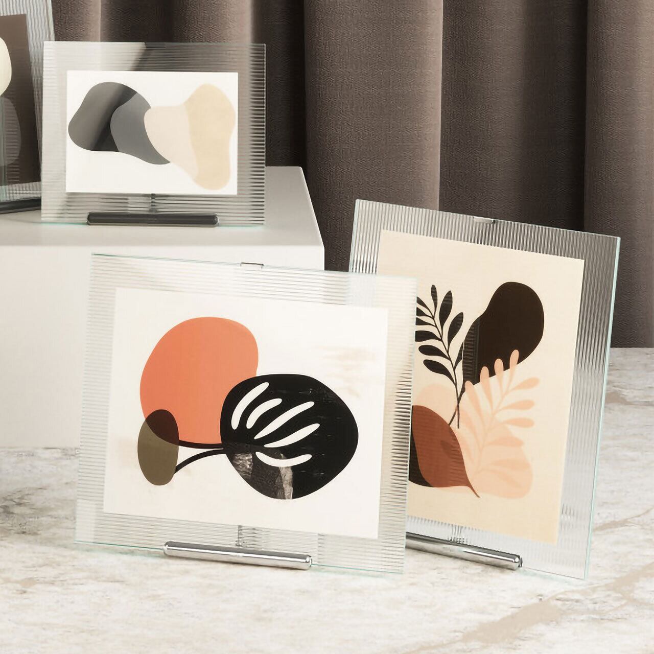 リブ付きガラス「フルートガラス」がエレガントな雰囲気の写真立て。イーゼルをモチーフにしており、ガラス面と金属の組み合わせがインテリアのアクセントになります。縦・横向きどちらでもディスプレイ可能。2枚のガラスパネルで写真をはさみ、大切な写真を傷やホコリから守ります。
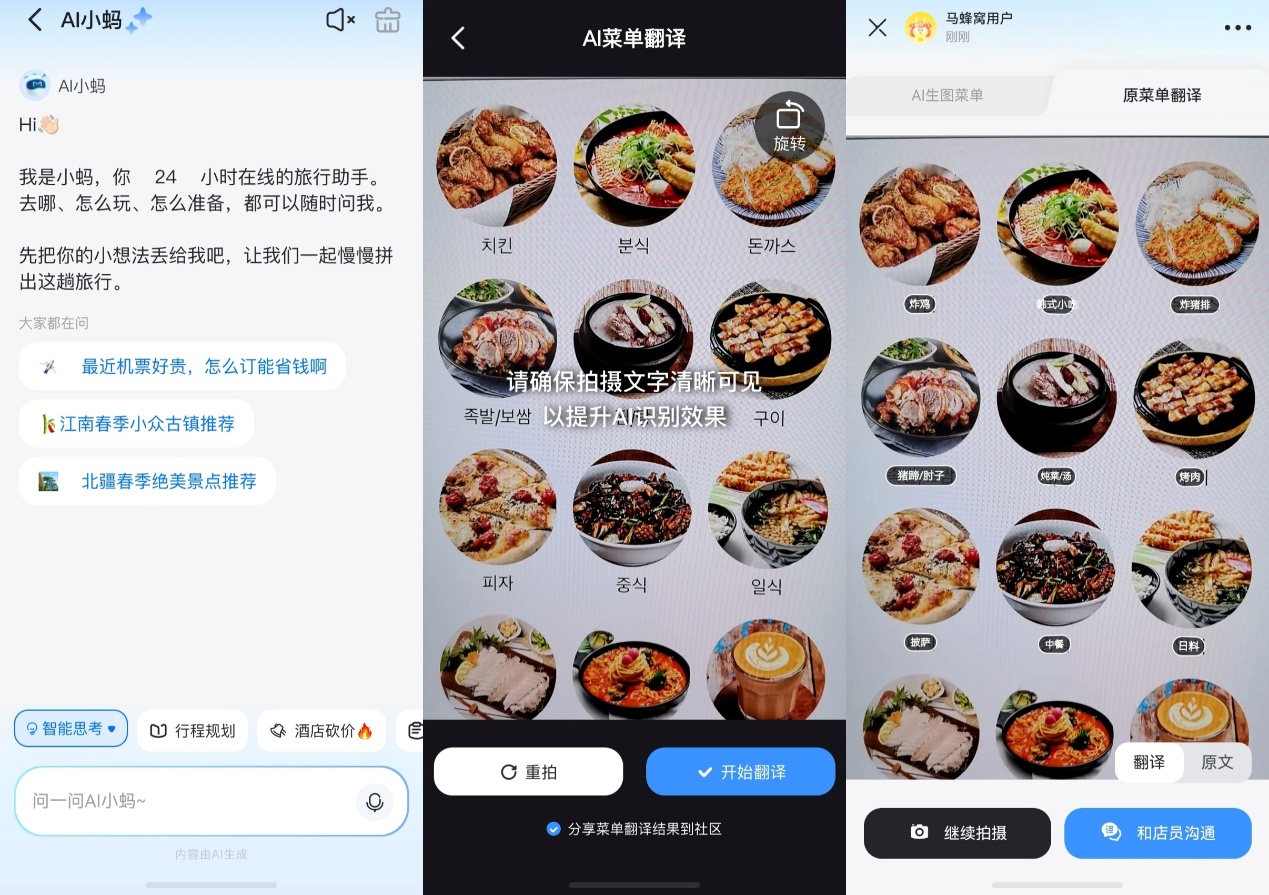 如果是出境游,外语菜单看不懂怎么办?马蜂窝“AI小蚂”自带AI菜单翻译,拍一下就能读懂,轻松搞定点餐难题,真的太贴心了。面对面对话交流也不用担心,可以试试鸿蒙版有道翻译官首发上线的“耳机同传”功能。点击开启后,就能帮你实时翻译,戴上耳机轻松交流无障碍。
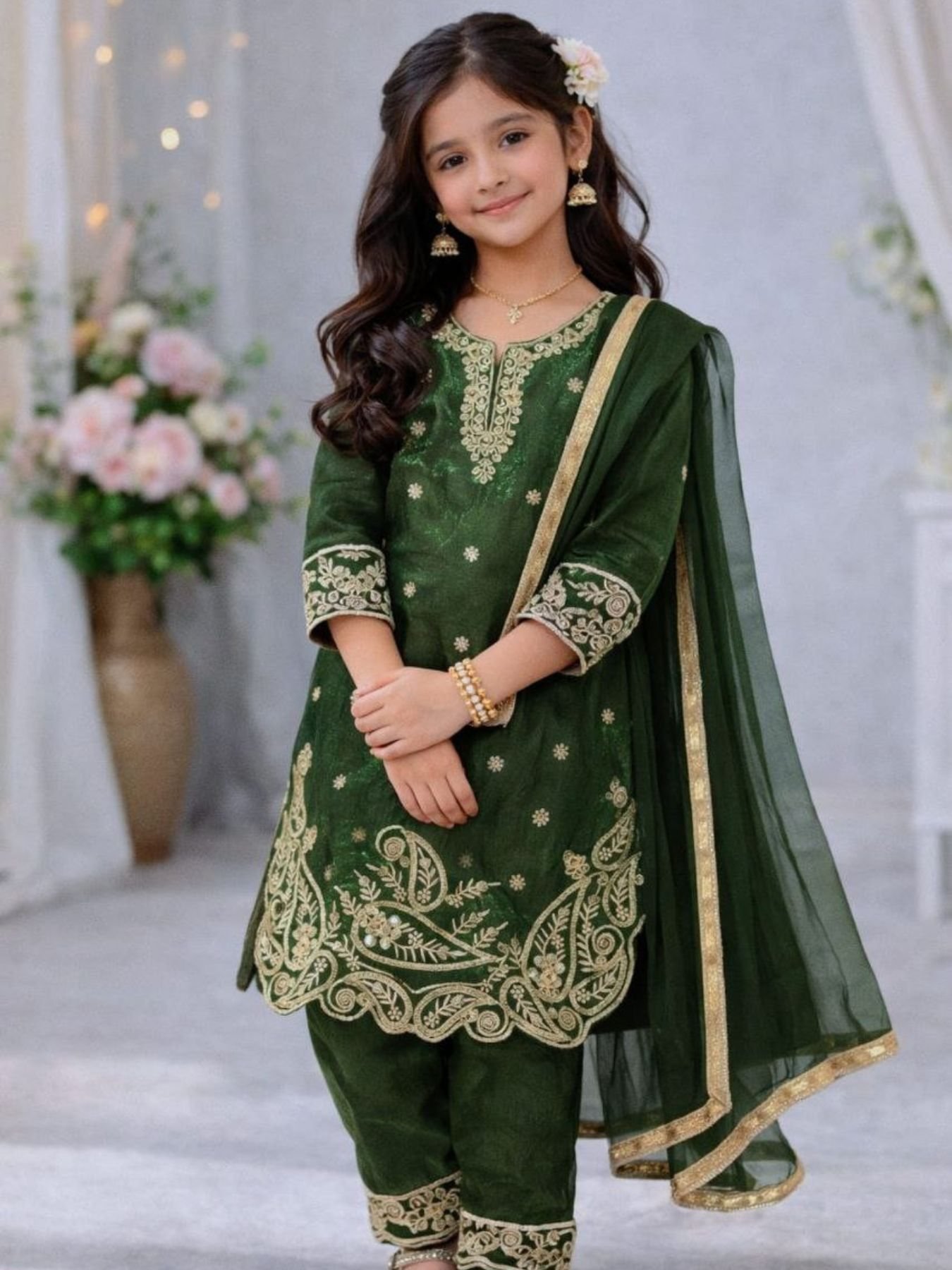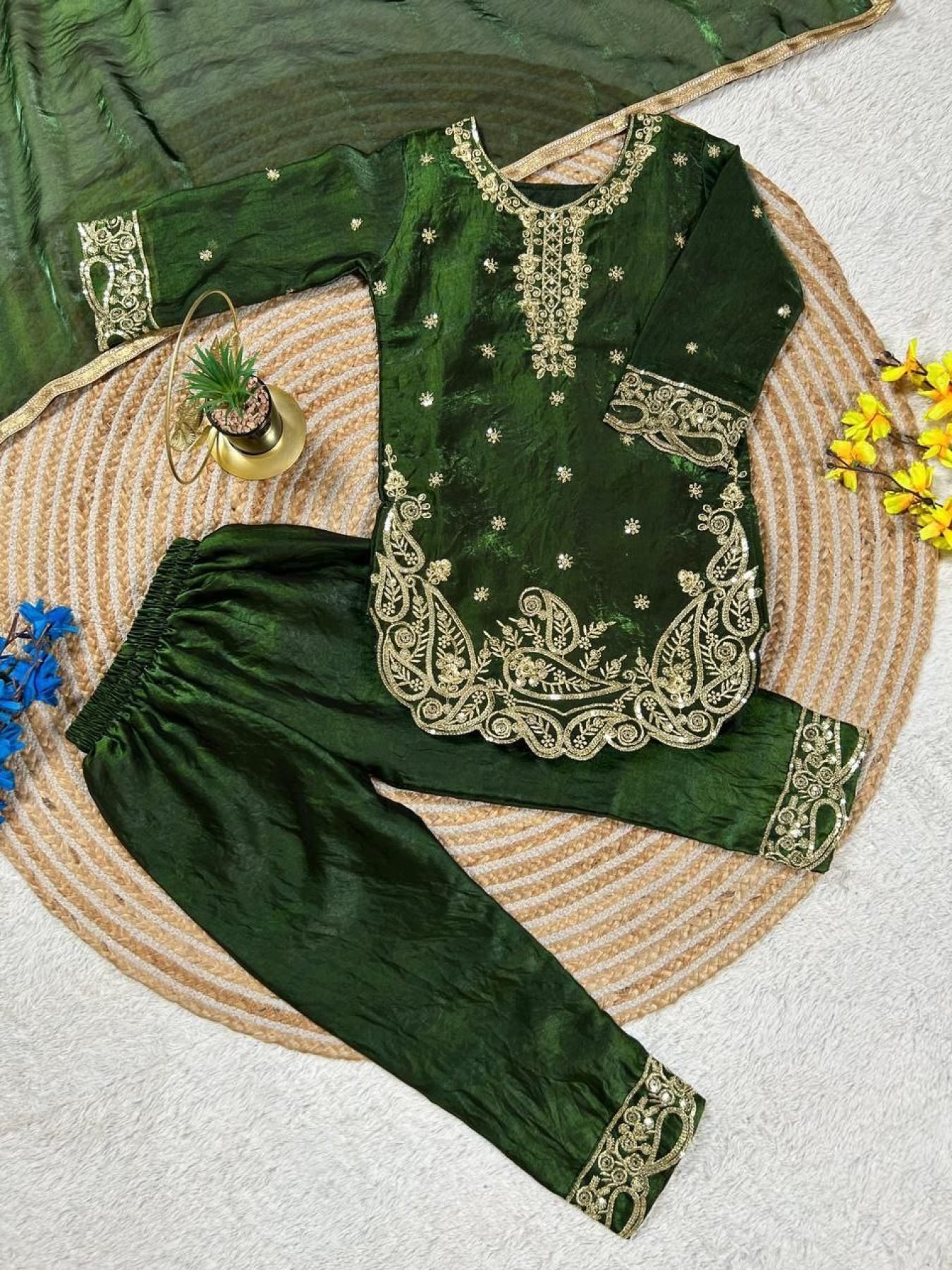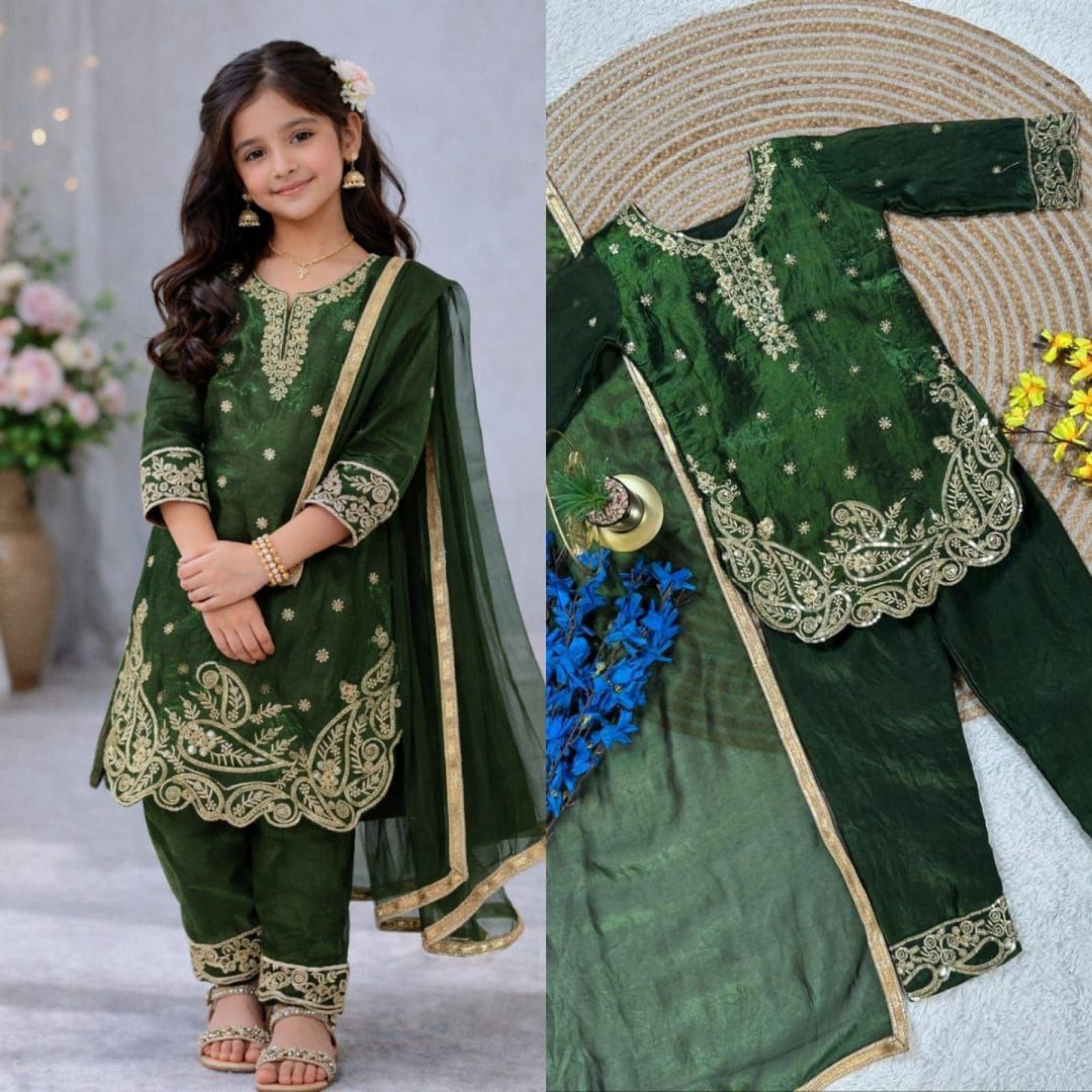 Elegant kids top palazzo set crafted in premium GMY silk featuring embroidery sequence work. Comes with a stylish dupatta, perfect for Ramzan, Eid celebrations, and festive occasions.

**Instructions for the task**:
Copy exactly, please, every line from the one holding "如果是出境游,外语菜单看不懂" through the last line of the data, both ends included, and no pictures.

**Task output**:
 如果是出境游,外语菜单看不懂怎么办?马蜂窝“AI小蚂”自带AI菜单翻译,拍一下就能读懂,轻松搞定点餐难题,真的太贴心了。面对面对话交流也不用担心,可以试试鸿蒙版有道翻译官首发上线的“耳机同传”功能。点击开启后,就能帮你实时翻译,戴上耳机轻松交流无障碍。
 Elegant kids top palazzo set crafted in premium GMY silk featuring embroidery sequence work. Comes with a stylish dupatta, perfect for Ramzan, Eid celebrations, and festive occasions.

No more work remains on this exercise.